Civil Engineering student at the University of Bristol.Student
Andrew is a second year Civil Engineering student at the University of Bristol. Prior to starting his studies in Bristol, Andrew was a Team Leader for a leading supermarket, where he worked through his gap year before leaving to travel for six months.
During breaks from school and university, Andrew has worked full time in the residential lettings industry for one of the countries largest letting agents. His experience in this field spans over three years and through this work Andrew has become well versed in the rules and regulations of the residential lettings industry.
 How do we keep investors interested in UK property?
One of the many signs of post depression economic recovery is the rise in property prices across the country. The Guardian recently reported that the average UK home is now worth £173,678 - a huge £10,000 increase on last year's figure. The UK now faces the mammoth challenge of sustaining investors' interest; this is a skill which requires creativity and the ability to look at all of the options of the proverbial table, regardless of how crazy they may seem at first.
It was as I sat here, in the heart of Bristol's university precinct, that I pondered this question and it struck me that the answer is, in fact, all around me. That is to say that students are in fact at least part of the answer to this conundrum, in my opinion. I firmly believe that this important group should not be overlooked when it comes to investment.
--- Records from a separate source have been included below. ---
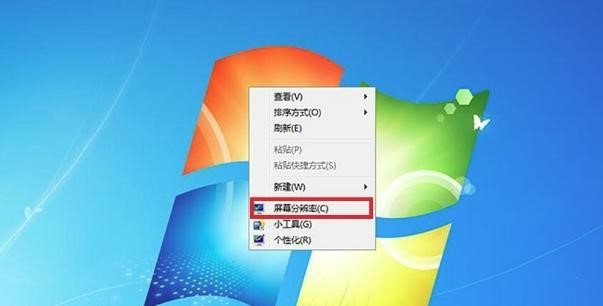 首先确保投影仪和电脑的连接正常,打开笔记本的的界面,在桌面任意位置点击右键,找到屏幕分辨率点击进去。
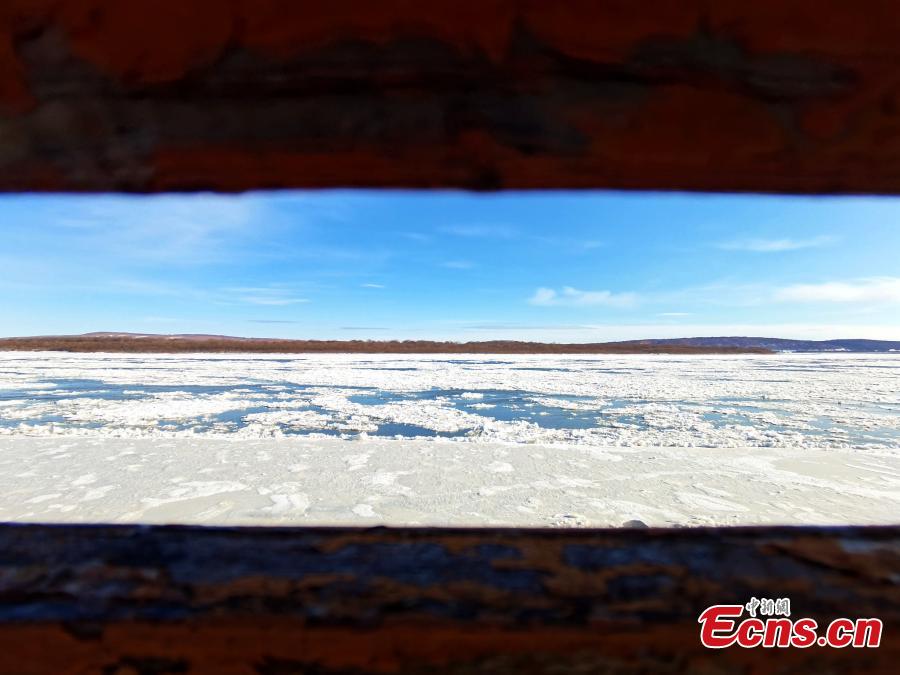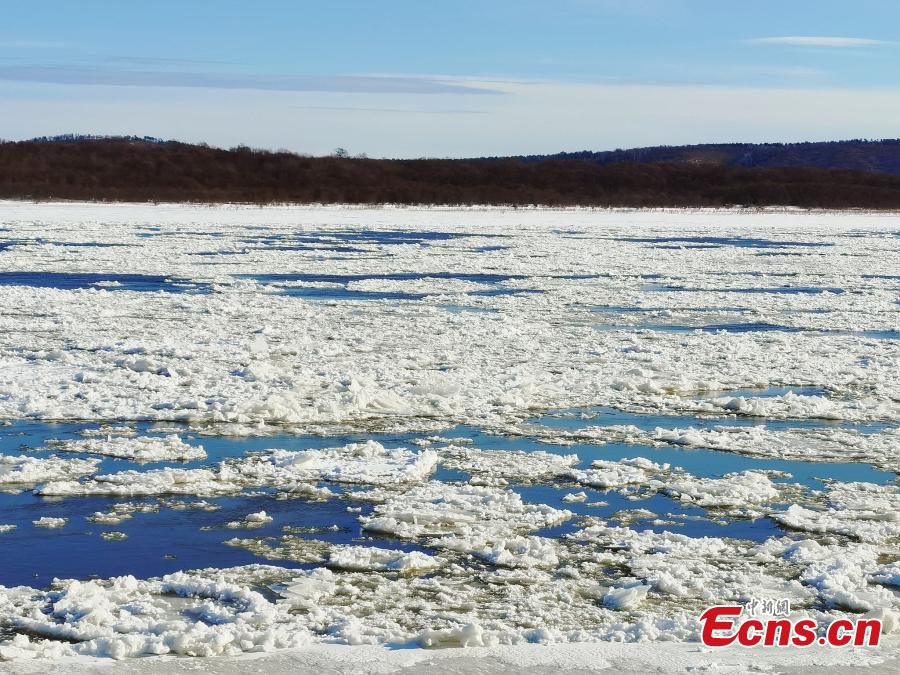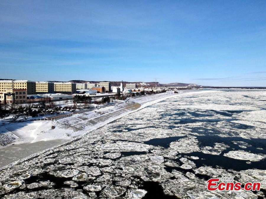 Photo taken on Nov. 3, 2020 shows ice floating on the Huma section of the Heilongjiang River in northeast China's Heilongjiang Province, marking that Heilongjiang is about to enter frozen season. (Photo/VCG)
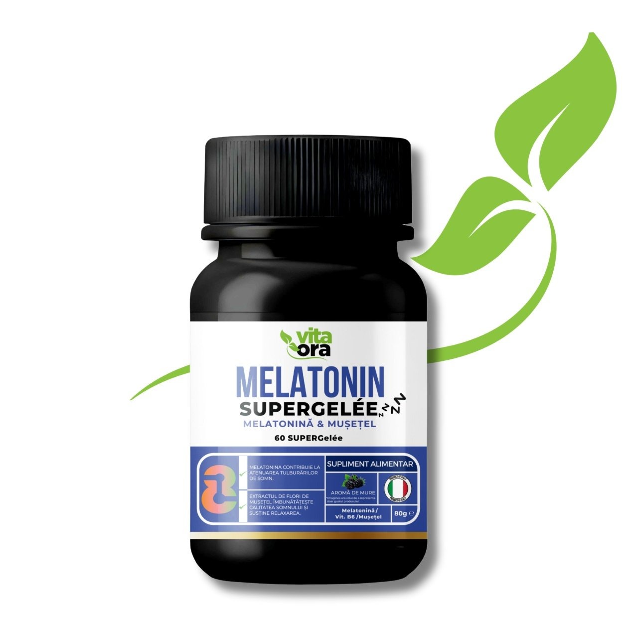 Supliment alimentar sub forma de jeleuri cu aroma de mure, special formulat pentru a sustine un somn odihnitor si relaxarea psihica.
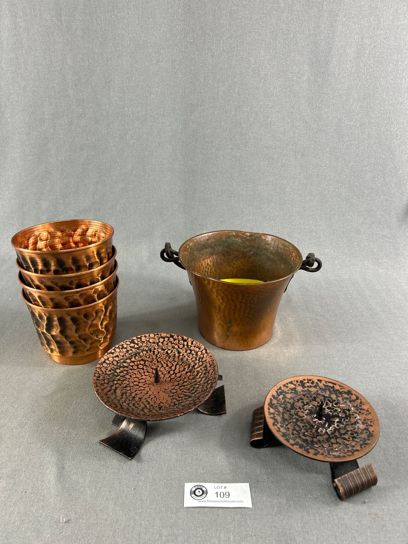 Vintage Copperware - Bucket, Candle Holders, Pots
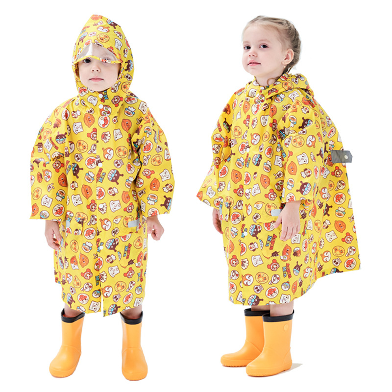 儿童雨衣套装男女宝宝幼儿分体卡通带书包长款面包超人反光雨披具
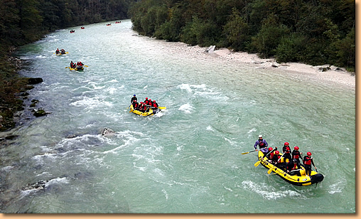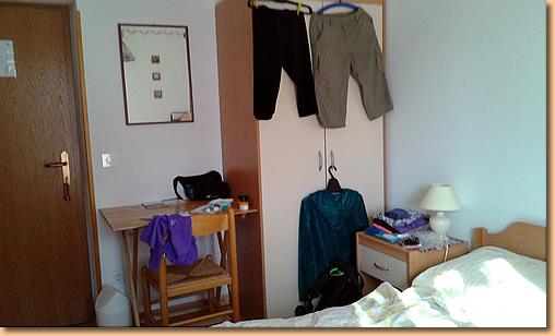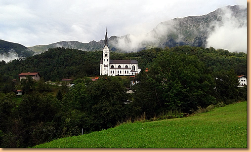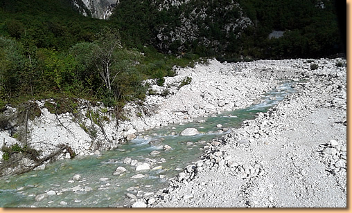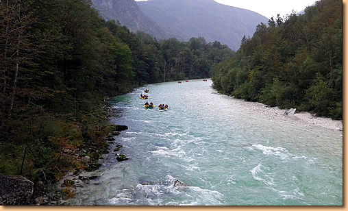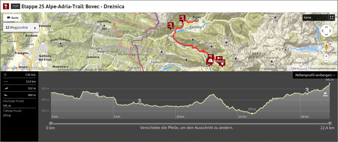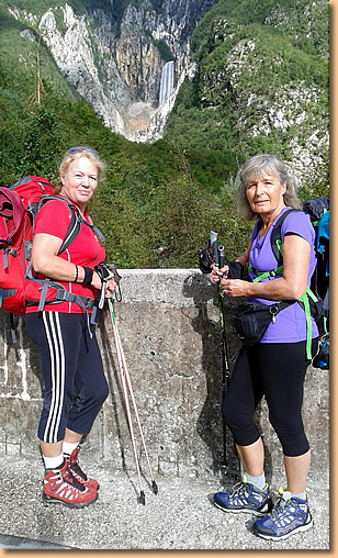 Sonnenschein!!! Nachdem wir außerhalb von Bovec nächtigen und nicht mehr in den Ort zurückgehen wollen, nehmen wir für die erste Stunde eine andere Route und treffen nach ca. 4 km wieder auf den AAT. Halt an der Boka-Brücke für ein Foto mit dem imposanten Wasserfall. Kaffeepause in Zaga, der Weg weiter zum Kamp Trnovo führt entlang der Soča, teilweise durch Wald und über eine Weide. Jausenpause im Kamp. Kaum sind wir wieder unterwegs heißt es Regenschutz drüberziehen. Langsam werden wir Profis darin. Wir fühlen uns mit den Raftingbooten verbunden, Wassersportler und Weitwanderer haben zur genüge Wasser von oben und unten. Auf mehr oder weniger guten Wegen kommen wir nach ca. 8 Stunden Gehzeit in Dreznica an. Alle App. mit Zeltlern voll, die vor den Regenmassen am CP flüchten. Wir bekommen noch ein Zimmer in der Pension HRAM, HP €42.-. Abendessen und Frühstück gut, Zimmer weniger, da die Sauberkeit zu wünschen übrig lässt. WLAN gibt’s, Bilder werden geschickt und um 21:30 ist Nachtruhe. |
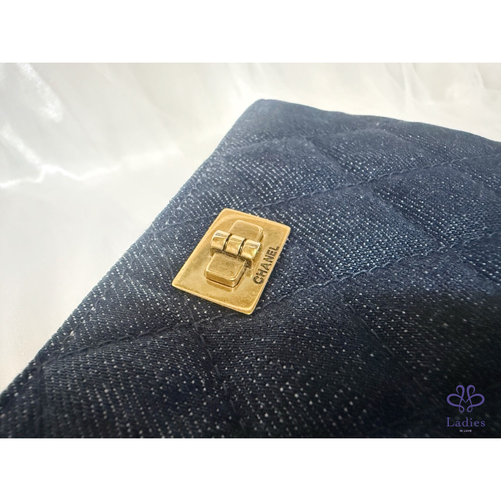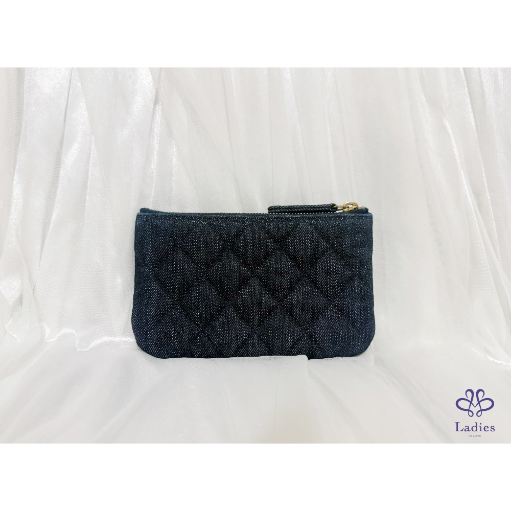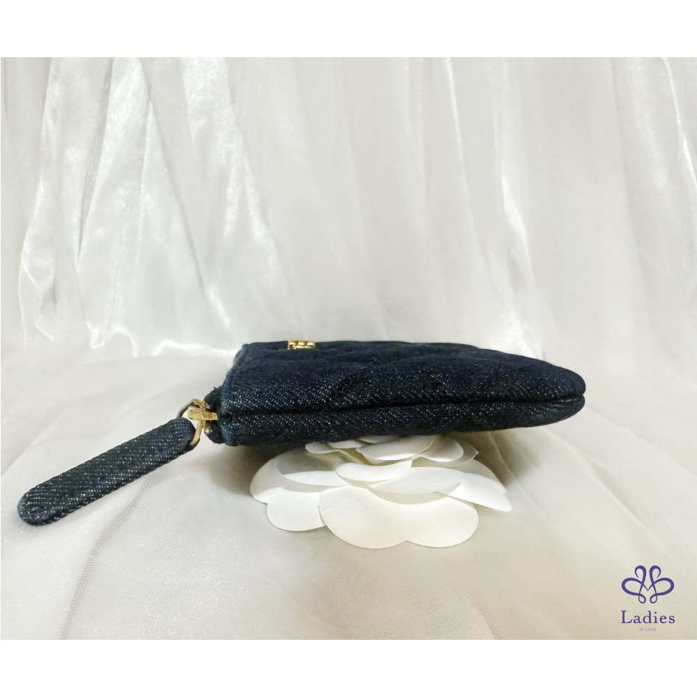 CHANEL 香奈兒 小香 2.55 方扣 復古仿舊古銅色 深藍 牛仔 單寧 一字 拉鍊 零錢卡包 ✨
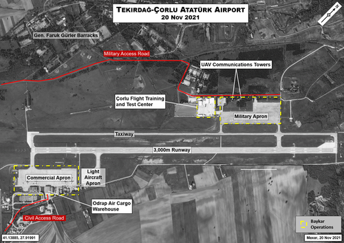Additional enlargement of the existing infrastructure at Çorlu is likely over the next two years, considering estimated increases in both Akıncı and TB2 production (see Production section in Part II). This may include additional support buildings and new apron space within the Çorlu Flight Training and Test Center. It is also possible that new facilities will be constructed along the military apron. Any construction at either location is likely to take place on land associated with the Gen. Faruk Gürler Barracks.

This will be no easy task as, quite understandably, most graduates won't even have a credit rating or employment after leaving university, let alone the means to invest in something so seemingly absurd as property. However, graduates should be offered advice on the benefits of investing in the rising UK property market and there should be appropriate buy-to-let mortgages and special interest rates - like there is student bank accounts and student discounts - on properties in university towns for those that have recently finished their university course, thereby allowing them to get their foot on the property ladder at an earlier age. With controlled measures in place (e.g. parental guarantors or proof of graduate employment), it may lead to graduates becoming continuing property investors and, with the number of graduates almost definitely set to increase, this is a target group which could expand alongside the expanding property market.
This is important and large potential market for the UK property industry and I strongly believe that with proper provisions in place, it could not only recruit long term investors and underline the UK's innovative approach to investment, but also ensure that the current generation of graduates actually have the means and, most importantly, desire to own property.